--- PROBLEM TO SOLVE ---
From the line that contains "Lote de dos" to the final line of the records below, print each line exactly and leave every picture out.

== Segment start ==

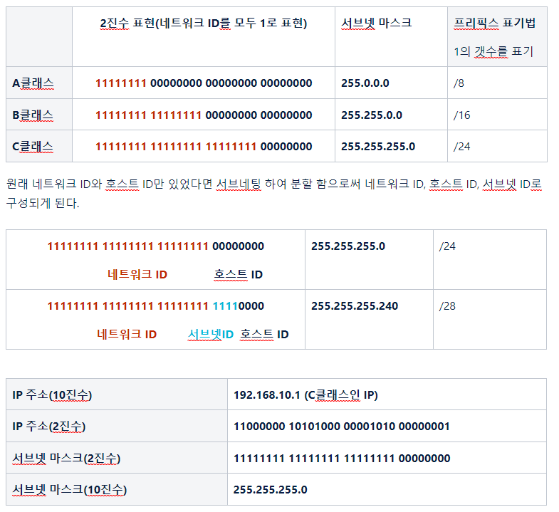 - 서브네팅: IP주소를 클래스로 구분하는 방법, 네트워크를 분할하는 것(많은 IP주소가 낭비 되는 것을 방지)
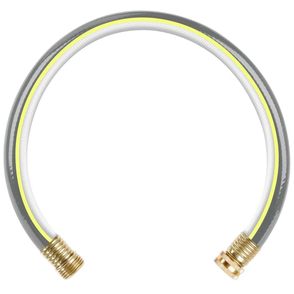 The 5/8 in. x 2 ft. medium-duty gray garden hose is 0.4 lbs. It is made from lead free vinyl. It has a 12-year warranty. It is a strong and useful add on to your gardening needs.
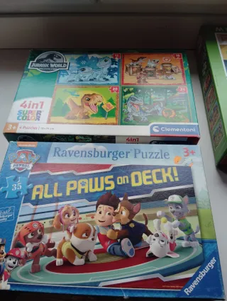 Lote de dos puzzles infantiles. Para 3 años. - Puzzle Ravensburger Paw Patrol All Paws on Deck de 35 piezas. - Puzzle Clementoni Jurassic World 4in1 Super Color con 4 puzzles de 12, 16, 20 y 24 piezas.
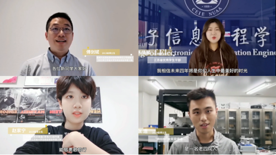江苏省大学生就业创业年度人物、我院2013级博士生傅剑斌,江苏省优秀学生干部、我院2018级博士生陈佳馨,以及“互联网+”金奖、“挑战杯”金奖、大学成就奖、十大杰出青年获得者等8名学生代表通过视频寄语新生,希望新生能够努力向优秀学长学姐看齐,多样发展,在南航、在四院遇见最不凡的自己。
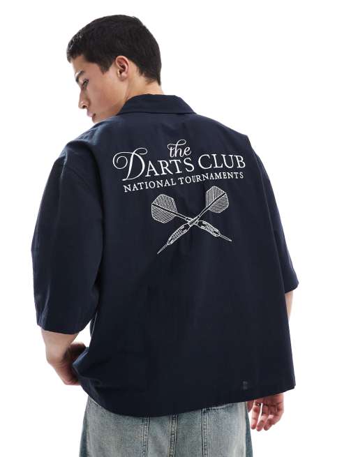 ASOS DESIGN – Czarna koszula o pudełkowym kroju z rękawami do łokci i haftem na plecach

== Segment end ==

--- PROBLEM SOLUTION ---
 Lote de dos puzzles infantiles. Para 3 años. - Puzzle Ravensburger Paw Patrol All Paws on Deck de 35 piezas. - Puzzle Clementoni Jurassic World 4in1 Super Color con 4 puzzles de 12, 16, 20 y 24 piezas.
江苏省大学生就业创业年度人物、我院2013级博士生傅剑斌,江苏省优秀学生干部、我院2018级博士生陈佳馨,以及“互联网+”金奖、“挑战杯”金奖、大学成就奖、十大杰出青年获得者等8名学生代表通过视频寄语新生,希望新生能够努力向优秀学长学姐看齐,多样发展,在南航、在四院遇见最不凡的自己。
 ASOS DESIGN – Czarna koszula o pudełkowym kroju z rękawami do łokci i haftem na plecach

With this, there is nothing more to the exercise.